Pandemie WHO stuft Coronavariante B.1.1.529 als »besorgniserregend« ein

Die Coronavariante B.1.1.529 gilt nun offiziell als »besorgniserregend«. Ein Gremium der Weltgesundheitsorganisation hat den Status der Variante hochgesetzt – und einen griechischen Buchstaben als Namen festgelegt.
Abstrich für eine Corona-Testung

Abstrich für eine Corona-Testung

Foto: Tom Weller / dpa

Die Weltgesundheitsorganisation (WHO) hat die neue Coronavariante B.1.1.529 als »besorgniserregend« eingestuft. Das teilte die Uno-Behörde nach Beratungen mit Experten mit. Zuvor hatte auch die EU-Seuchenschutzbehörde ECDC die Variante hochgestuft . B.1.1.529 wird künftig Omikron genannt – nach dem 15. Buchstaben im griechischen Alphabet.

Diese Klassifizierung  ist laut WHO-Definition ein Signal, dass eine Variante ansteckender ist oder zu schwereren Krankheitsverläufen führt . Außerdem besteht bei »besorgniserregenden Varianten« die Gefahr, dass herkömmliche Impfungen, Medikamente oder Coronamaßnahmen weniger wirksam sind.

Omikron weise eine große Anzahl Mutationen auf, von denen einige besorgniserregend seien, hieß es. Vorläufige Hinweise deuteten auf ein erhöhtes Risiko einer Reinfektion bei dieser Variante im Vergleich zu anderen besorgniserregenden Varianten, zu denen auch die derzeit vorherrschende Delta-Variante zählt.

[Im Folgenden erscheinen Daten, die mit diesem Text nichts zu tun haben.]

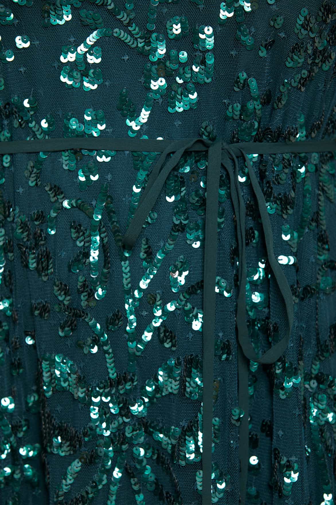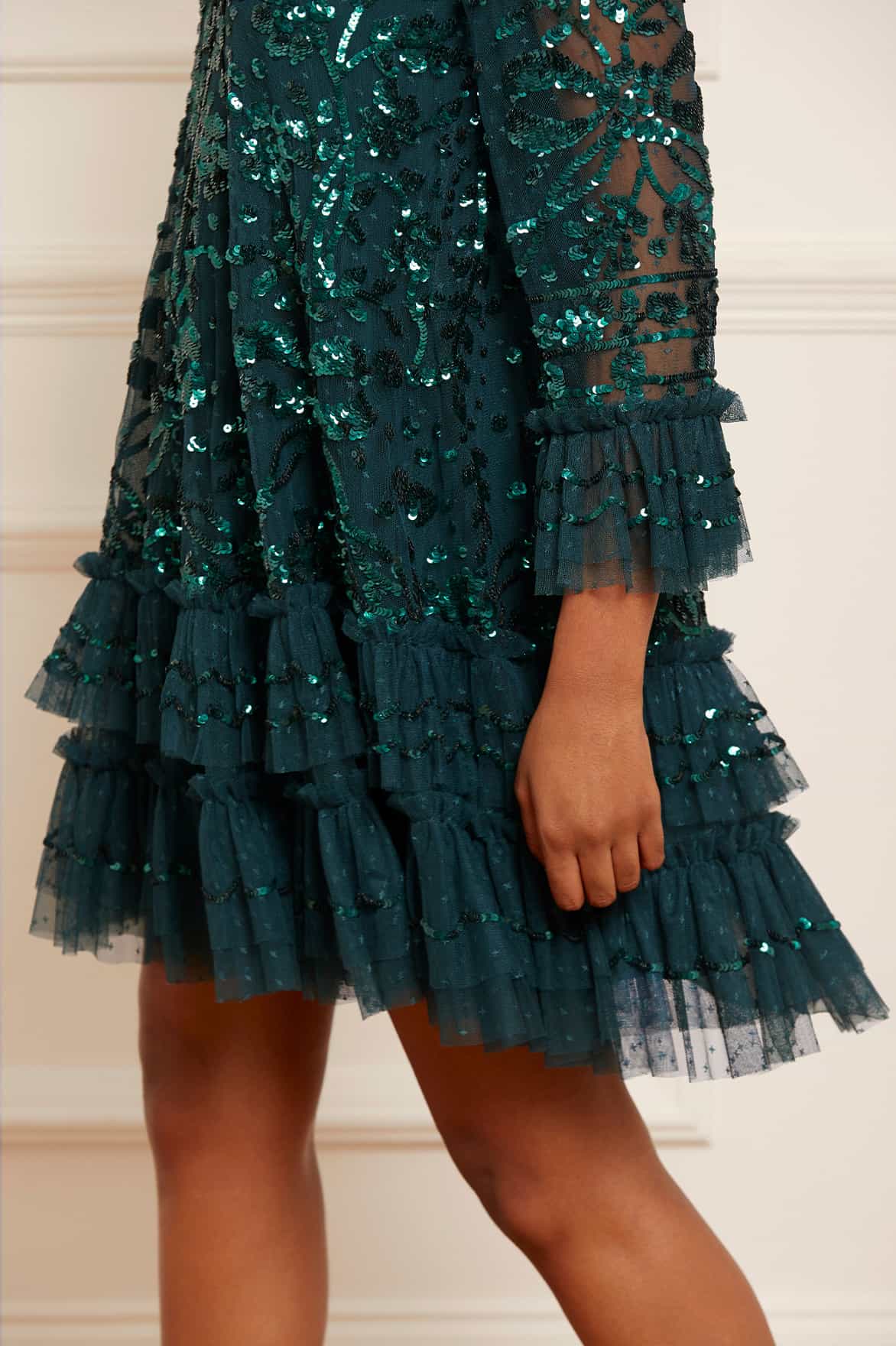 The Celia Long Sleeve Mini Dress in Emerald. This statement long sleeve dress is designed with romantic artwork featuring ornate florals and ribbon bows, densely embellished with shimmering sequins for exquisite detailing. Designed with an effortless loose fit with soft, playful tulle frills on the hem and cuffs. A key piece in our collection.

Variante mit vielen Mutationen

Laut WHO wurde B.1.1.529 in Südafrika mittels genetischer Analyse entdeckt, die vom 9. November stammt. Insgesamt ist die Variante bislang weniger als hundertmal genetisch nachgewiesen worden. Sie weist viele Mutationen auf, die aus Sicht von Wissenschaftlern möglicherweise zu einer leichteren Übertragung führen können. Nach Angaben der WHO wird es jedoch noch Wochen dauern, bis klar wird, welche genauen Auswirkungen die Mutationen haben.

Bislang hatte die internationale Gesundheitsbehörde vier »besorgniserregende Varianten« (»variants of concern«) identifiziert: Alpha, Beta, Gamma, sowie Delta, die wegen ihrer hohen Übertragbarkeit zur vierten Pandemiewelle beigetragen hat. Zusätzlich sind zwei »Varianten unter Beobachtung« (»variants of interest«) gelistet, die um den vorigen Jahreswechsel in Südamerika aufgetreten waren.

Deutschland verhängt Reiserestriktionen

Die Europäische Kommission, Deutschland und einige andere Staaten kündigten am Freitag an, Einreisen aus dem südlichen Afrika einschränken zu wollen. Deutschland hat neben Südafrika die Nachbarländer Lesotho, Botswana, Malawi, Namibia, Simbabwe und Mosambik als sogenannte Virusvariantengebiete eingestuft. Rückkehrende brauchen einen frischen PCR-Test und müssen sich in Deutschland für 14 Tage in eine Quarantäne begeben, die nicht verkürzt werden darf.

WHO-Sprecher Christian Lindmeier empfahl stattdessen im Namen seiner Organisation wissenschaftlich fundierte Maßnahmen und Risikobewertungen. »Zum jetzigen Zeitpunkt gibt es Vorbehalte gegen Reisebeschränkungen«, sagte er. Aus Sicht der WHO sollten Schäden für den internationalen Verkehr vermieden werden. Stattdessen sollte auf die genaue Beobachtung des Infektionsgeschehens und die Genanalyse von auftretenden Coronafällen gesetzt werden.

Der südafrikanische Gesundheitsminister Joe Phaahla nannte die Reisebeschränkungen »unberechtigt«. Bisher sei es unklar, ob die Variante B.1.1.529 ansteckender sei als andere Varianten, sagte er auf einer Pressekonferenz.